AI safety evolved: secure-by-design, safe-by-measurement

Authors

Bobby Filar

Head of AI

Aryan Luthra

ML Research

In the modern, AI-augmented work environment, adversaries are no longer just targeting your user – they're targeting your models.

Last week, we shipped an Attack Spotlight about a credential phishing attack that used prompt injection to attempt to confuse and bypass AI security analysis. The attack is explained in the blog post, but here’s the message with the prompt injection called out:

This prompt injection is attempting to get an AI security scanner to not see the credential phishing payload using a combination of context poisoning and self-negation techniques (full analysis in the blog).

While this type of attack is scary, it isn’t representative of what we most often see in the wild (it’s more representative of what we see in a security research POC). More often than not, we see indirect prompt injection attacks that simply attempt to fool AI email security into thinking messages are benign.

These attacks will often combine social engineering tactics to bypass traditional rule-based email security along with indirect prompt injection to bypass modern AI email security systems. To learn more about these tactics, check out our recent blog about prompt injection attacks we see regularly.

At Sublime, we are well aware of attack evolutions designed to target AI-powered security. We run autonomous AI agents on attacker-authored text, at scale, in production. It’s an unusual deployment surface and it forces a stricter notion of AI safety than most products need. Unlike most AI solutions that assume input is safe (”summarize this document”), security solutions need to assume input is unsafe (”find malicious signals in this email”).

Over the past few weeks, we’ve written pieces about how Sublime’s AI is secure by design, as well as a trust-based framework for agentic autonomy. Those posts laid out what we think AI safety should look like in security. This is the post about how we audit ourselves against it.

Security AI model maturity checklist

Autonomous AI in security is now common enough that we should stop grading it on a curve. The standards that apply to a chat assistant are not sufficient for a system that quarantines mail, drafts detections, or takes action on customer infrastructure.

Here is a maturity checklist for deploying autonomous AI against attacker-authored content. Some controls are table stakes before any automation. Others become mandatory as the system moves from advisory workflows to constrained or high-impact autonomous action.

Baseline controls

These should exist before an AI system is trusted to analyze adversarial content in production.

Prompt-injection eval corpus. Not just a policy document, but a corpus of real and synthetic adversarial examples that can be used to test how the system handles attacker-authored instructions.
Decision provenance. Every meaningful AI-assisted security decision should leave enough of a trail to be reviewed later: what input was analyzed, what the model concluded, what confidence it had, and what evidence or rubric informed the decision.
Internal red team aimed at the agent. Red teams need to attack the agents as hard as they attack the detection engine. Confirmed bypasses should become future test cases.
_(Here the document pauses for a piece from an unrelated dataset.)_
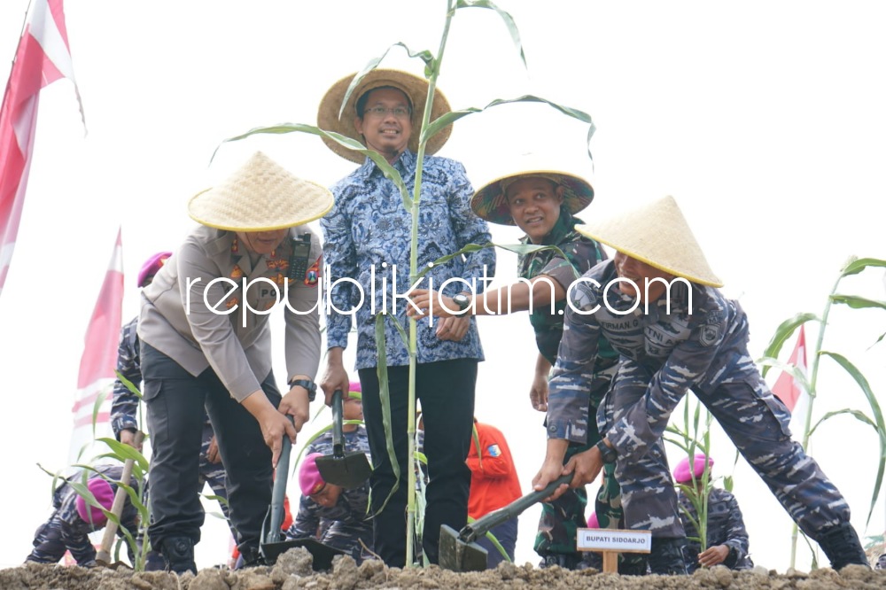 Sidoarjo (republikjatim.com) - Bupati Sidoarjo Ahmad Muhdlor Ali bersama jajaran Pasukan Marinir (Pasmar 2) Gedangan menanam pohon Sorgum dan bibit Jagung jenis hibrida F1, Jumat (09/09/22). Tanam bersama itu sebagai upaya mewujudkan program Ketahanan Pangan Nasional Tahun 2022.

Controls for higher autonomy

These become increasingly important as the system moves from advisory workflows into actions that affect users, mailboxes, detections, or customer environments.

Calibration report. When the model says High confidence, how often is it right? If a vendor can’t show how confidence maps to correctness, they haven’t measured whether the system is safe to automate.
Autonomy tier policy. There must be controls over which actions the agent can take unilaterally, which require shadow mode, and which require a human. The system needs to provide evidence of success and failure so practitioners can decide when to move between levels.

Advanced operational controls

These are signs of a mature AI safety program, especially for systems operating with meaningful autonomy.

Circuit breaker. Models should have named thresholds where the agent stops itself, escalates, or returns an error instead of forcing a low-confidence decision. There should also be a named human or team responsible for reviewing those failures.

If a security-AI vendor can't produce proof of these, they are not running an AI safety program – they're running a demo. And any customer that purchases a solution that doesn’t meet these requirements will bear the engineering costs that have been deferred by the vendor.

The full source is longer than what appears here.